Scrubbers to harvest Martian fuel
Engineers in the US are developing a new fuel source for Mars missions.
Researchers at the University of Cincinnati have used a carbon catalyst in a reactor to convert carbon dioxide into methane.
Known as the “Sabatier reaction” from the late French chemist Paul Sabatier, it is a process that the International Space Station already uses to scrub the carbon dioxide from air the astronauts breathe and generate rocket fuel to keep the station in high orbit.
But the applications may be even broader than Earth’s orbit.
The Martian atmosphere is composed almost entirely of carbon dioxide. Astronauts could save half the fuel they need for a return trip home by making what they need on the red planet once they arrive, says UC College of Engineering and Applied Science Assistant Professor Jingjie Wu.
“It’s like a gas station on Mars. You could easily pump carbon dioxide through this reactor and produce methane for a rocket,” Dr Wu said.
The US Government has set a goal of achieving a 50 per cent reduction in greenhouse gas pollutants by 2030 and an economy that relies on renewable energy by 2050.

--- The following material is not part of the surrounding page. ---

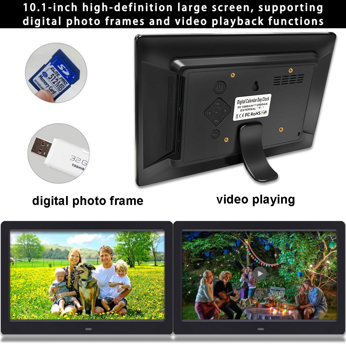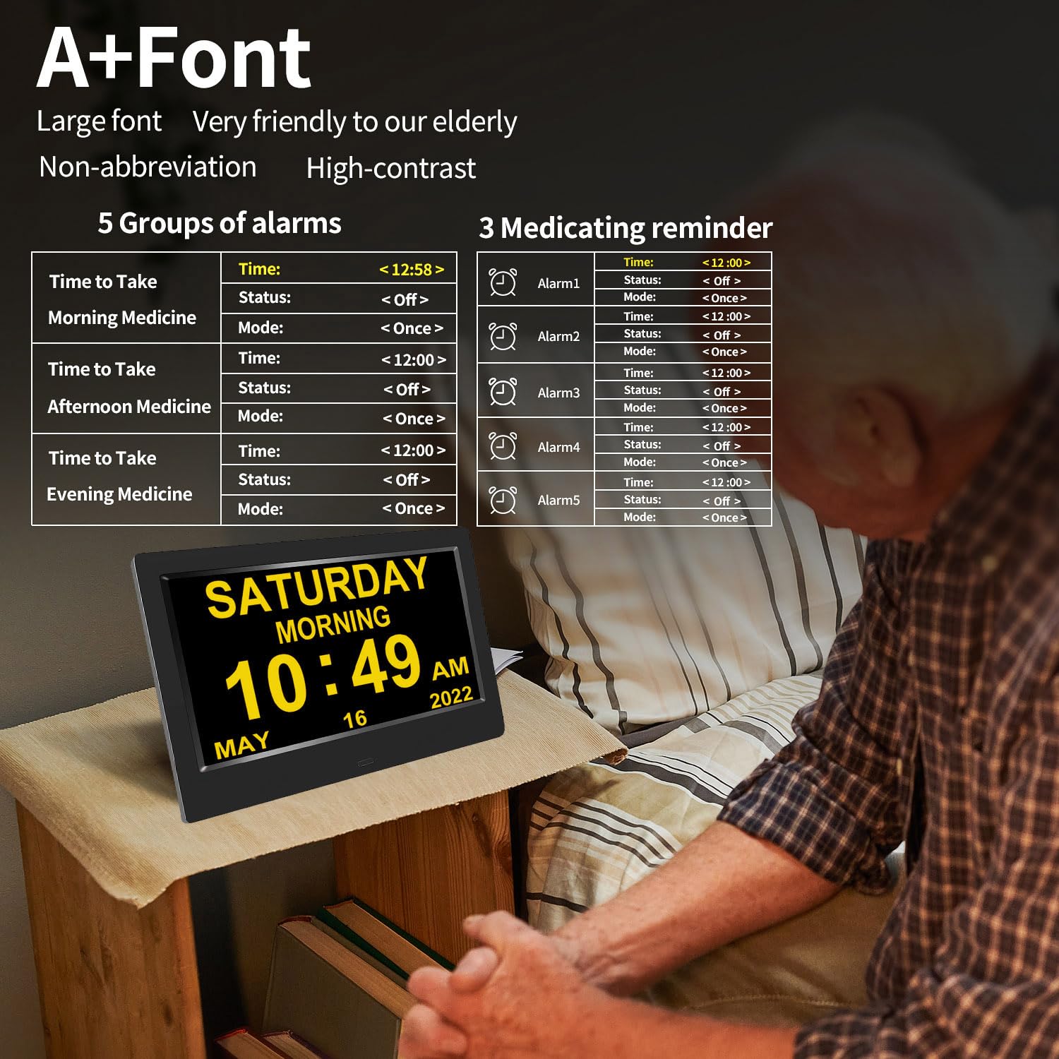 AINFTIME DST Clock with Day and Date for Elderly-3 Display Digital Calendar Alarm Day Dementia Alzheimers Clock with Extra Large Display (10.1in Black)

“That means we’ll have to recycle carbon dioxide,” Dr Wu says.
Dr Wu and his students, including lead author and UC doctoral candidate Tianyu Zhang, are experimenting with different catalysts such as graphene quantum dots - layers of carbon just nanometers big - that can increase the yield of methane.
Dr Wu said the process holds promise to help mitigate climate change, but it also has a big commercial advantage in producing fuel as a byproduct.
“The process is 100 times more productive than it was just 10 years ago. So you can imagine that progress will come faster and faster,” Dr Wu says.
“In the next 10 years, we’ll have a lot of startup companies to commercialize this technique.”
Dr Wu’s lab is also using different catalysts to produce not only methane but ethylene.
Ethylene is known as the world’s most important chemical; used in the manufacture of plastics, rubber, synthetic clothing and other products.
“Green energy will be very important. In the future, it will represent a huge market. So I wanted to work on it,” Zhang said.
Synthesising fuel from carbon dioxide becomes even more commercially viable when coupled with renewable energy such as solar or wind power, Dr Wu says.
“Right now we have excess green energy that we just throw away. We can store this excess renewable energy in chemicals,” he said.
The process is scalable for use in power plants that can generate tons of carbon dioxide. It is also highly efficient, as the conversion can take place right where excess carbon dioxide is produced.
Dr Wu says advances in fuel production from carbon dioxide make him more confident that humans will set foot on Mars in his lifetime.
“Right now if you want to come back from Mars, you would need to bring twice as much fuel, which is very heavy,” he said.
“And in the future, you’ll need other fuels. So we can produce methanol from carbon dioxide and use them to produce other downstream materials. Then maybe one day we could live on Mars.”